Jesse Davis Penney, Jr. (1900-1976) was born to Jesse and Mariah Penney in Madison County, AL. He was the eldest of eleven children. His father worked as a farmer. Penney enlisted into the Army on October 29, 1918 right before the end of World War I, so he was subsequently discharged December 17, 1918 after the war was over. On September 29, 1919, Penney married Betty Dancy in Madison County, AL. The couple did not have any children. In 1920, they were living in Huntsville, AL where Penney worked as a laborer for the electric company and Betty worked as a cook for a family. By 1936, Penney and Betty were living in Louisville at 909 S. 17th Street, and Penney was working as a waiter for the Kentucky Hotel. Soon they moved to 1817 W. Madison Street in the Russell Neighborhood. Penney worked as a machinist at Fort Knox and was a member of the Chestnut Street YMCA Retired Men’s Club. Betty died on May 29, 1975 and Penney died on November 18, 1976. They are both buried in Eastern Cemetery.

Washington Spradling, Jr.

Washington Spradling, Jr. (circa 1831-1870) was the son of successful barber and businessman, Washington Spradling and Lucy Ann Jackson.
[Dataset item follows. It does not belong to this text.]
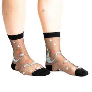 Ever noticed how the night sky tells a million stories? With our sheer moon socks, each step feels like a journey through a star-studded sky. These celestial wonders offer a delightful nod to retro vibes, perfect for those who appreciate a nostalgic twist in their fashion repertoire. Whether you're pairing them with bold platform sandals or your favorite sneakers, these socks are your ticket to a whimsical style adventure.

Washington was one of five total siblings and one half brother. On July 4, 1820, Washington married Louisa Williams in Louisville, KY. At the time of their marriage, Louisa was 15 years old and as a result, the marriage required parental consent. The couple began their life together living with Washington’s sister Martha and her husband James Lewis, a barber. His brother William and his brother-in-law James were barbers too. Washington was a barber throughout his life. In 1851, Washington and Louisa started to grow their family. Together the couple had five children: William, James, Joseph, Mary, and Washington III. Washington Spradling, Sr. played a significant role in establishing an African American presence in the Russell Neighborhood. After the Civil War, Washington Spradling, Jr. helped establish the Smoketown Neighborhood, a predominately African American neighborhood, on land he inherited from his father. Washington died from cancer on January 13, 1870. He was 42 years old. He is buried at Eastern Cemetery in the Spradling Family Plot.